WHAT TO PRODUCE - Wherever an image appears in the data, omit it and copy all the remaining text word for word.
(Beginning of MATERIAL PROVIDED)
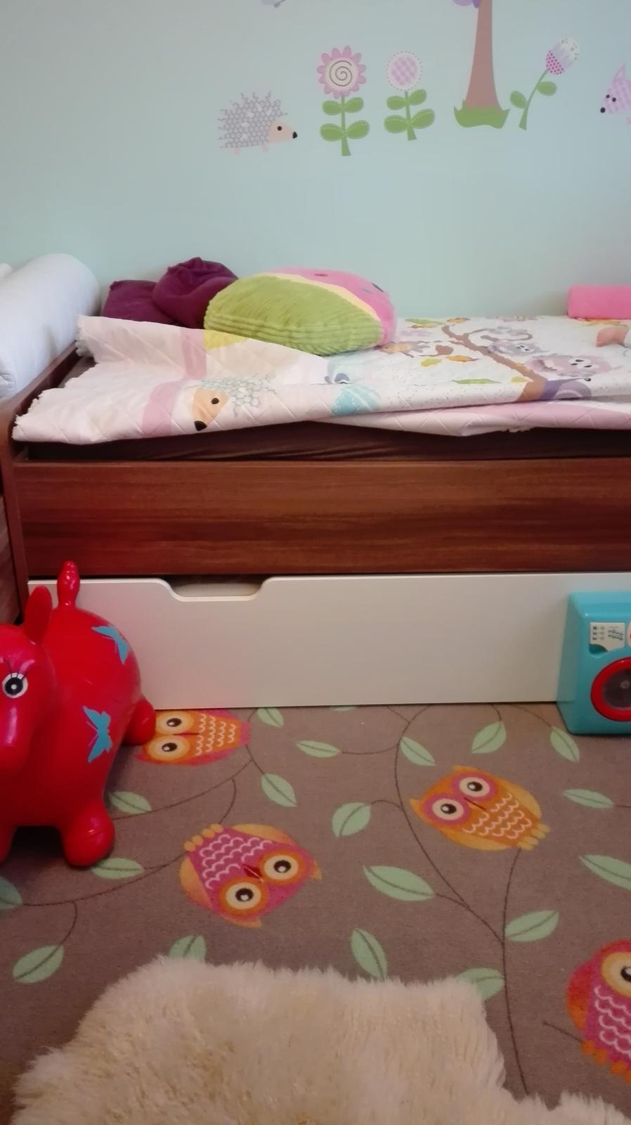 My mame,len inej farbe,podstate už 6 rokov,spokojnonost,ale pokial je len na podlahe,tak to vysuvne,lôzko behalo,posuvalo sa ked sa na ňom niekro v noci pretáčala,dali sme do celej izby koberec a uz je dobre.Predsa je to na koliečkach
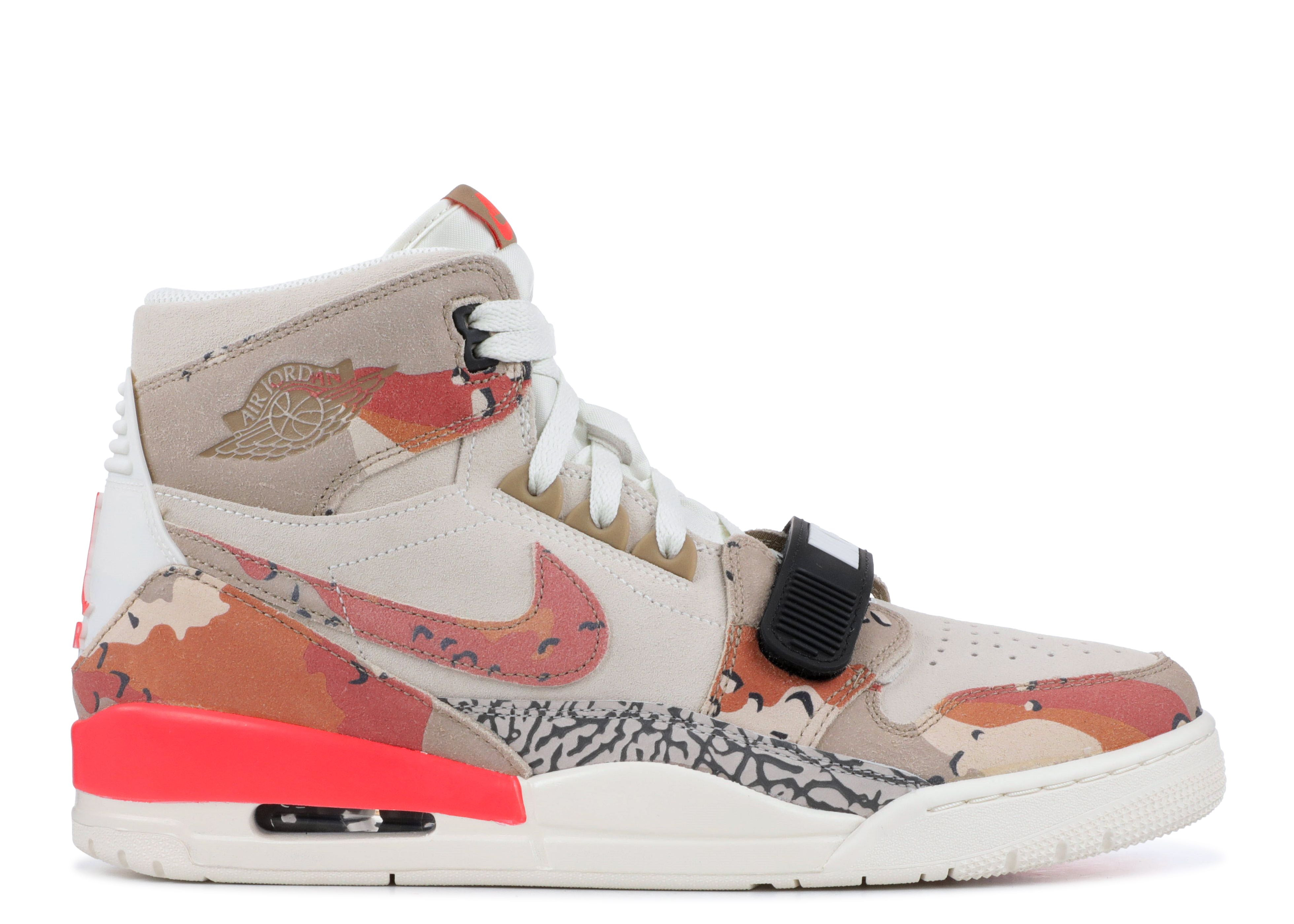 Created by Don C in a joint venture with Jordan Brand, the Jordan Legacy 312 offering shows off its military influence with the ‘Desert Camo’ design. The sneaker’s high-top profile is adorned with a tan printed suede upper with tonal Desert Camo flair on the toe box, Swoosh, quarter panel, and collar. On the heel counter and branding, hits of Infrared 23 emerge, and a black Nike-branded strap rests on the cream-colored laces. SKU: AV3922 126 Colorway: Sail/Desert Camo-Infrared 23 Release Date: 12/31/18
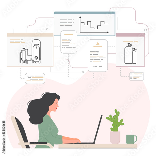 Женщина-звукорежиссер, инженер в наушниках, создающая, записывающая музыку, плоская векторная иллюстрация. Студия звукорежиссуры.
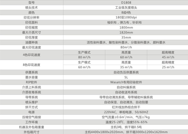 D1808導(dǎo)帶式紡織數(shù)碼噴墨印花機(jī),具有自動(dòng)刮墨、自動(dòng)保濕和自動(dòng)糾偏功能等近20項(xiàng)自主創(chuàng)新的專利技術(shù),產(chǎn)品大氣美觀、加工細(xì)膩。打印幅寬1800mm。最大分辨率可以達(dá)到1000dpi,具有720×200 dpi, 720×400 dpi, 720×600 dpi, 720×800 dpi, 720×1000 dpi五種工作模式,生產(chǎn)模式可以達(dá)到100平米/小時(shí)。是目前在此速度上,分辨率最高的數(shù)碼印花機(jī)。穩(wěn)定的供墨系統(tǒng),同時(shí)兼具8色和4色雙模式打印,使用專業(yè)的紡織印花Wasatch SoftRIP,使得色彩更具表現(xiàn)力。該機(jī)器配套有1800系列烘干箱,和10色活性墨水、8色酸性墨水,適合棉布、人造棉、麻、絲、羊毛及其混紡材料的染色和印花。
(End of MATERIAL PROVIDED)
RESULT FOR THIS EXERCISE -
 My mame,len inej farbe,podstate už 6 rokov,spokojnonost,ale pokial je len na podlahe,tak to vysuvne,lôzko behalo,posuvalo sa ked sa na ňom niekro v noci pretáčala,dali sme do celej izby koberec a uz je dobre.Predsa je to na koliečkach
 Created by Don C in a joint venture with Jordan Brand, the Jordan Legacy 312 offering shows off its military influence with the ‘Desert Camo’ design. The sneaker’s high-top profile is adorned with a tan printed suede upper with tonal Desert Camo flair on the toe box, Swoosh, quarter panel, and collar. On the heel counter and branding, hits of Infrared 23 emerge, and a black Nike-branded strap rests on the cream-colored laces. SKU: AV3922 126 Colorway: Sail/Desert Camo-Infrared 23 Release Date: 12/31/18
 Женщина-звукорежиссер, инженер в наушниках, создающая, записывающая музыку, плоская векторная иллюстрация. Студия звукорежиссуры.
 D1808導(dǎo)帶式紡織數(shù)碼噴墨印花機(jī),具有自動(dòng)刮墨、自動(dòng)保濕和自動(dòng)糾偏功能等近20項(xiàng)自主創(chuàng)新的專利技術(shù),產(chǎn)品大氣美觀、加工細(xì)膩。打印幅寬1800mm。最大分辨率可以達(dá)到1000dpi,具有720×200 dpi, 720×400 dpi, 720×600 dpi, 720×800 dpi, 720×1000 dpi五種工作模式,生產(chǎn)模式可以達(dá)到100平米/小時(shí)。是目前在此速度上,分辨率最高的數(shù)碼印花機(jī)。穩(wěn)定的供墨系統(tǒng),同時(shí)兼具8色和4色雙模式打印,使用專業(yè)的紡織印花Wasatch SoftRIP,使得色彩更具表現(xiàn)力。該機(jī)器配套有1800系列烘干箱,和10色活性墨水、8色酸性墨水,適合棉布、人造棉、麻、絲、羊毛及其混紡材料的染色和印花。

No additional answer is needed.